Questo interesse del politico da parte dell’economia dinamizza campi di ricerca altrimenti creduti ormai esauriti. Il lavoro di Adam Tooze del 2006 rappresenta un magistrale esempio. Rimettendo nuovamente l’economia in una posizione centrale per la comprensione del regime nazista, lo storico britannico getta nuova luce sui motivi dell’aggressione hitleriana e sulle cause del suo fallimento1. Nel caso francese, le ricerche di Michel Margairaz hanno confermato l’importanza del messaggio economico e sociale della Resistenza nella costituzione di una cultura politica di regolazione trasversale ai partiti, alla base della crescita forte e continua degli anni 1950-19602. Lo stesso schema di lettura appartiene anche a periodi più recenti. Menzionando l’esempio della perestroïka sovietica, Mark Mazower mostra quanto una riforma economica di ampio respiro possa influire sulla trasformazione dello scenario politico di una società. Nello spirito di Michail Gorbačëv, la riorganizzazione del sistema economico russo doveva essere funzionale all’abbandono del socialismo di Stato e alla «democratizzazione di tutte le parti della nostra società»3.

La storia economica del politico proposta nell’opera si oppone così alla convinzione degli economisti «neoclassici» e «neokeynesiani» secondo cui gli strumenti forgiati dalla «scienza economica» basterebbero a spiegare la dinamica del capitalismo. Aderendo, in questo, all’«approccio istituzionalista»4 difeso da alcuni economisti eterodossi. Sulla scia dei primi regolazionisti degli anni Settanta (Michel Aglietta, Robert Boyer, Benjamin Coriat) sostengono, a fianco di Karl Polanyi, che l’economica politica sia immersa nella storia5. I lavori degli economisti Bruno Amable e Stefano Palombarini mantengono comunque forti legami con la nostra prima preoccupazione, sottolineare l’interrelazione costante tra il politico e l’economico, «campi autonomi, che rispondono [certo] a logiche irriducibili l’una all’altra», ma che si evolvono «condizionandosi reciprocamente senza che nessuna delle due determini strettamente la dinamica dell’altra»6. Questo appello aderisce nel suo obiettivo al pensiero di Thomas Piketty che nelle conclusioni del suo best seller fa riferimento ad un’«economia politica e storica» che studia unitamente le evoluzioni politiche ed economiche nella lunga durata7. Studiare le complesse relazioni tra le leggi economiche e il modo in cui le élites pensano e praticano la politica è una necessità per scrivere una «storia multidimensionale del capitale e delle relazioni di potere»; l’economista e i numerosi storici che ne seguono le orme la esprimono all’interno di una stimolante pubblicazione nelle Annales8.
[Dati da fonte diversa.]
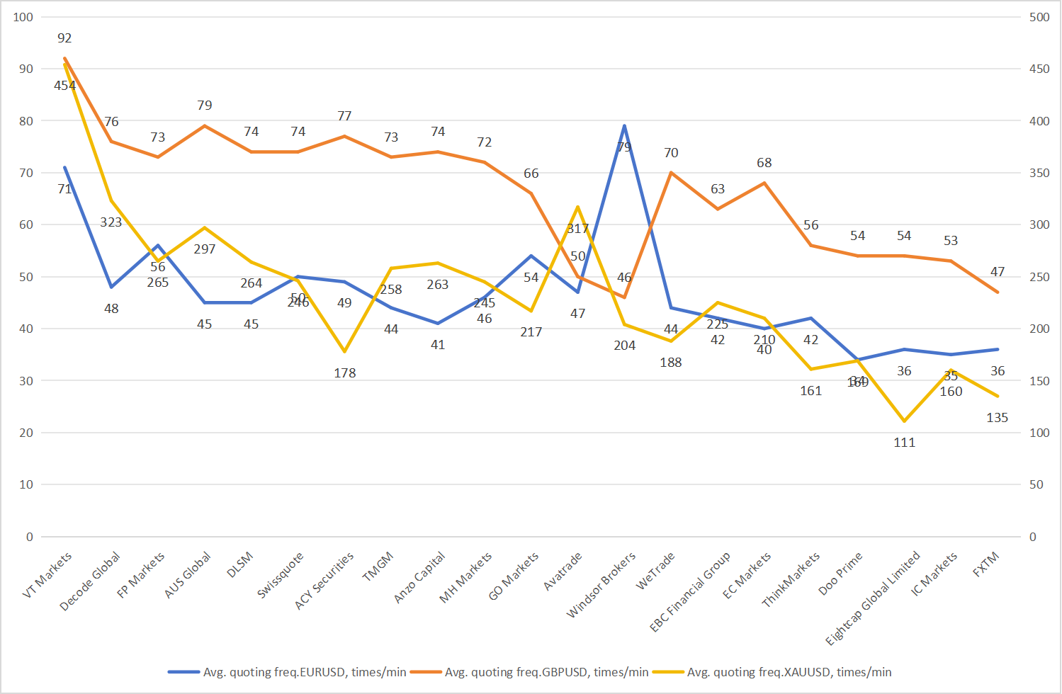 Các nhà môi giới có tần suất thấp hơn như Eightcap (111 lần/phút) và FXTM (135 lần/phút) phản ánh khả năng phản ứng chậm hơn với giá.

Nell’elaborazione della politica economica il rispetto della teoria non gioca che un effetto marginale. In una democrazia liberale pluralista, la questione economica è determinata dalle sfide legate alla competizione per il potere. Nel momento in cui l’unione dei partiti di sinistra PS e PCF9 si basava, nel giugno 1972, su un programma comune che considerava l’estensione del settore pubblico bancario e industriale come la chiave di volta del suo progetto economico, le nazionalizzazioni diventarono di fatto un’arena privilegiata della battaglia politica, non solo tra destra e sinistra ma anche tra le sinistre. Nel 1977, le schermaglie tra socialisti e comunisti sulle nazionalizzazioni industriali raggiunsero un livello di violenza verbale uguale o superiore a quello che vedeva scontrarsi sullo stesso tema il governo Barre e i suoi oppositori.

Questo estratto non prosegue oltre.